Ellison’s Grand Plan for AC 35

Although precise plans for the 35th America’s Cup are far from being set in stone, Larry Ellison, backer of the current defending champion Oracle Team USA, has revealed his grand vision for the next Cup competition and the battery of preliminary races that will lead up to it.
In today’s San Francisco Chronicle, reporter Julian Guthrie (author of the best-selling Ellison profile The Billionaire and the Mechanic) laid out the three-year chronology of the new plan. Currently, it does not name San Francisco as the ultimate AC 35 battleground. However, negotiations toward that end are ongoing.
Building on his AC 34 goal of making high-end yacht racing appealing to millions of non-sailing sports fans around the world (in addition to sailors of all stripes), Ellison proposes a series of AC45 competitions beginning next year, staged in every country that fields a team — 10 or more destinations. The top two teams from both the Atlantic and Pacific divisions would compete in division championships in the spring of 2017, potentially in Rome and Shanghai (respectively).
That summer, division champs would race in AC60s — the new America’s Cup cat class — in the Louis Vuitton Cup in Honolulu. The America’s Cup finals would follow in the same venue.
Why Honolulu? Again, negotiations are ongoing with the City of San Francisco and perhaps also Newport, RI. But Ellison has long had a strong affinity for Hawaii, evidenced by the fact that he bought the island of Lanai in 2012 for $300 million.
While we applaud the plan as being more creative and inclusive (in terms of multiple race venues) than ever before, two questions immediately come to mind: 1) If the AC45 finals will happen in the spring of 2017, only then deciding contenders for the LVC that same summer, how will potential contenders know whether (and when) to build an AC60? 2) If San Francisco’s typical summer winds were sometimes too strong for AC72s, won’t Hawaii’s equally strong breezes be too much for AC60s?

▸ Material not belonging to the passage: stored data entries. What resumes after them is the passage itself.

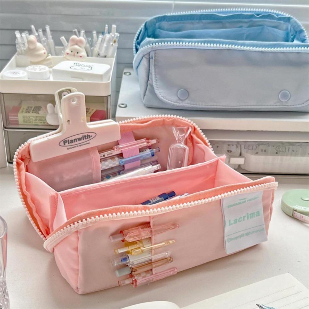 Симпатичная сумка-карандаш большой емкости на молнии, многослойные канцелярские принадлежности для студентов высокого внешнего вида
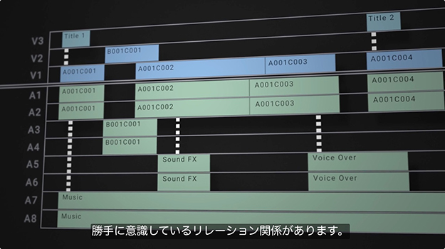 劇中ではマグネティックタイムラインについてFCPXのインタフェースデザイナーだったサーブ氏のコンセプト説明を幹に、その他のユーザーの証言を絡めてマグネティックタイムラインの紐解き方が展開される。
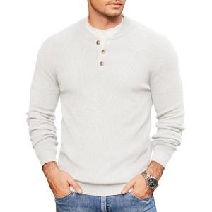 COOFANDY Men Henley Knit Sweater Dress Long Sleeve Button Pullover Sweater Casual Sweater Lightweight Slim Fit Tops(White)
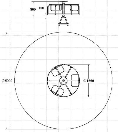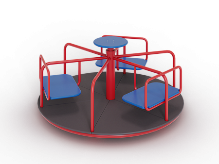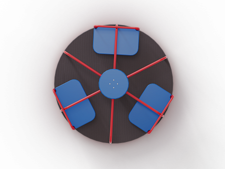 Карусель изготовлена из металлического каркаса с фанерным рулем, трёх фанерных сидений и пола из влагостойкой ламинированной фанеры.
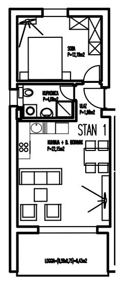 P1001 | STAN | 40.41 m2 | 8.58 m2 (L) | 46.84 m2 | 1 | 1 | 159.256 € | Pogledaj tlocrt |
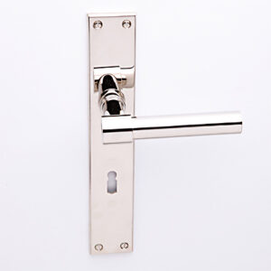 Deurkruk Weimar L-model nikkel op Bauhaus schild met sleutelgat
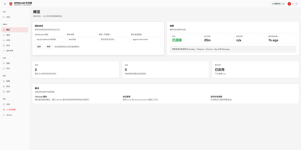 Dashboard 语言设置:首次打开网页控制台后,前往 概况 页面底部,将 Language 切换为 简体中文 (Simplified Chinese),即可显示中文界面。设置后刷新页面生效。
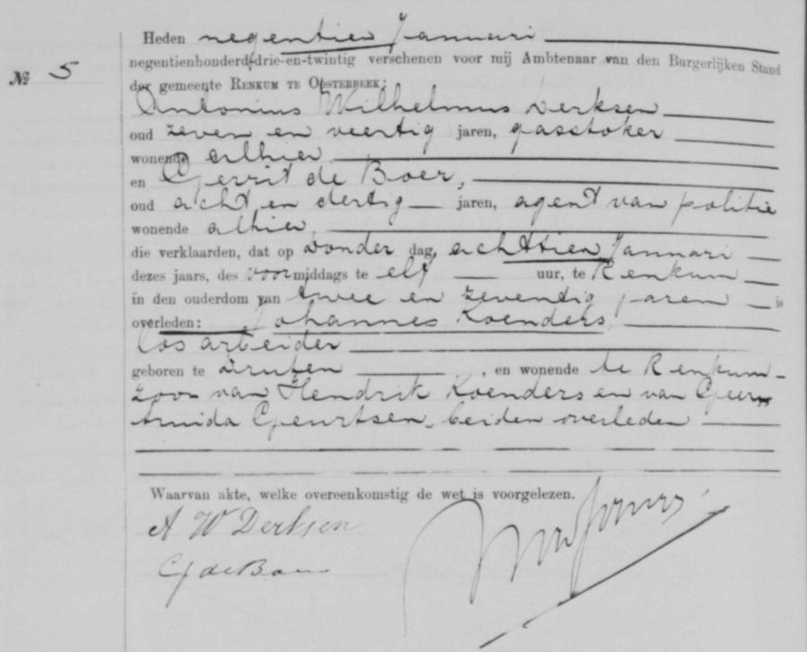| overledene: | Johannes Koenders los arbeider op 18 januari 1923 | 18 januari 1923 | |
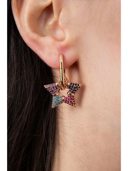 – materiał: metal- powłoka: złoto- zapięcie: wtyk- rodzaj kamienia: cyrkonia- kolor kamienia: wielokolorowy- opakowanie: pudełkoWskazówka: Zdjęcie produktu w powiększeniu.
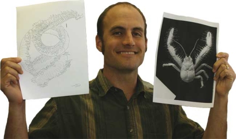 Andrew also brought with him two examples of a second species of the yeti crab, collected on cold seeps off western Costa Rica. The first yeti crab, a single specimen of Kiwa hirsuta, was collected on hot vents south of the Easter Islands and was sufficiently unique to warrant establishment of its own family. Hence, Andrew’s two specimens of the new species increase the number of collected specimens of this family worldwide by 200%. Andrew is describing this new species in collaboration with Kareen Schnabel (NIWA). Funding for Andrew has been provided through Census of Marine Life’s Chemosynthitic Ecosystem Science (ChEss) Training Awards for New Investigators (TAWNI).
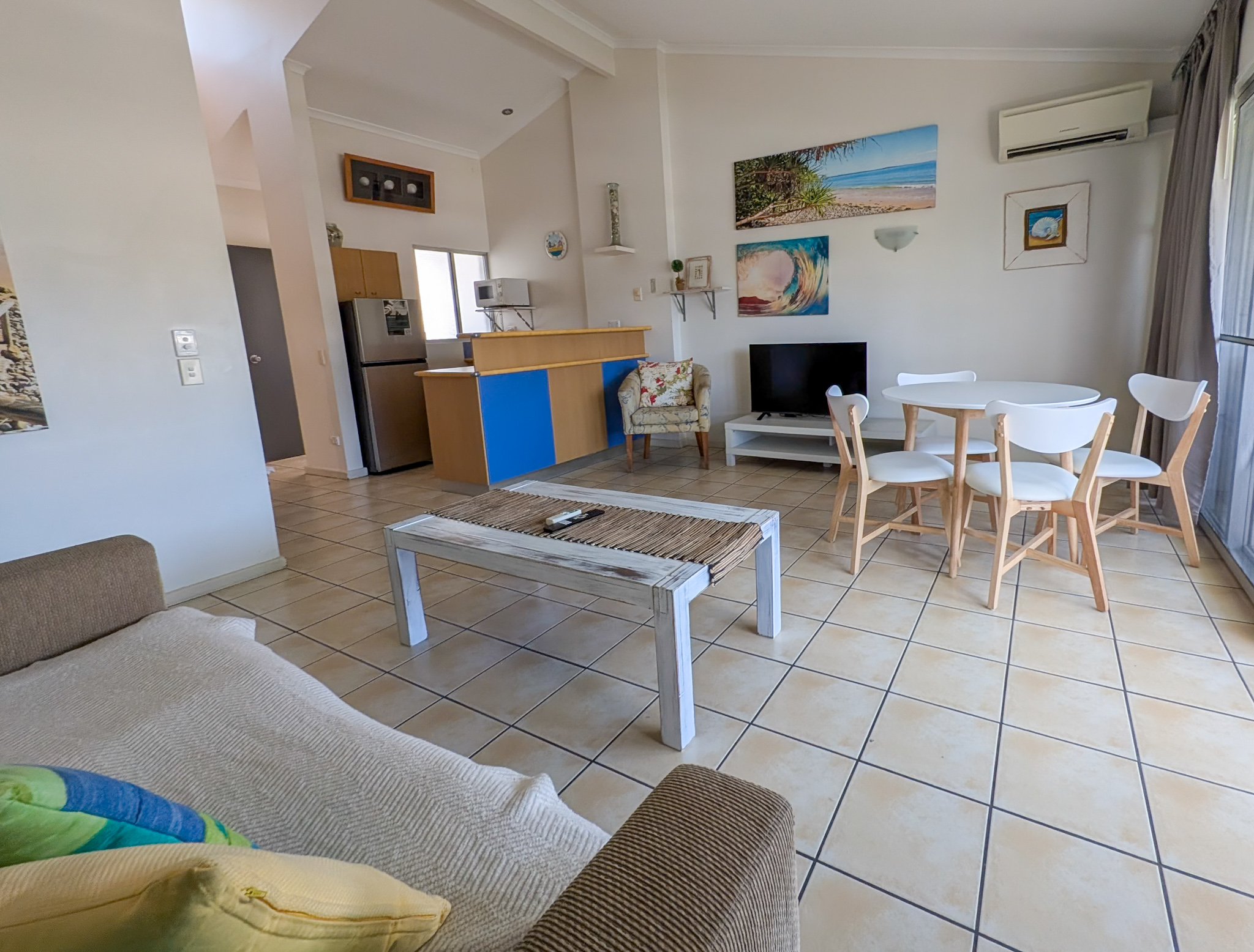 * The Work-Life Balance: The open-plan living and dining area is served by high-speed Wi-Fi and a Smart TV, making it the perfect base for a working holiday where productivity meets paradise.

In any case, we wish Ellison the best of luck in pulling off this ambitious game plan, and realizing his ultimate goal of making sailboat racing popular with mainstream audiences. He told Guthrie, "We want to create a 21st-century sports business that will support sailing professionals and their families. Businesses that don’t make money are not sustainable. Sports that don’t make money are just hobbies for rich guys." He certainly ought to know.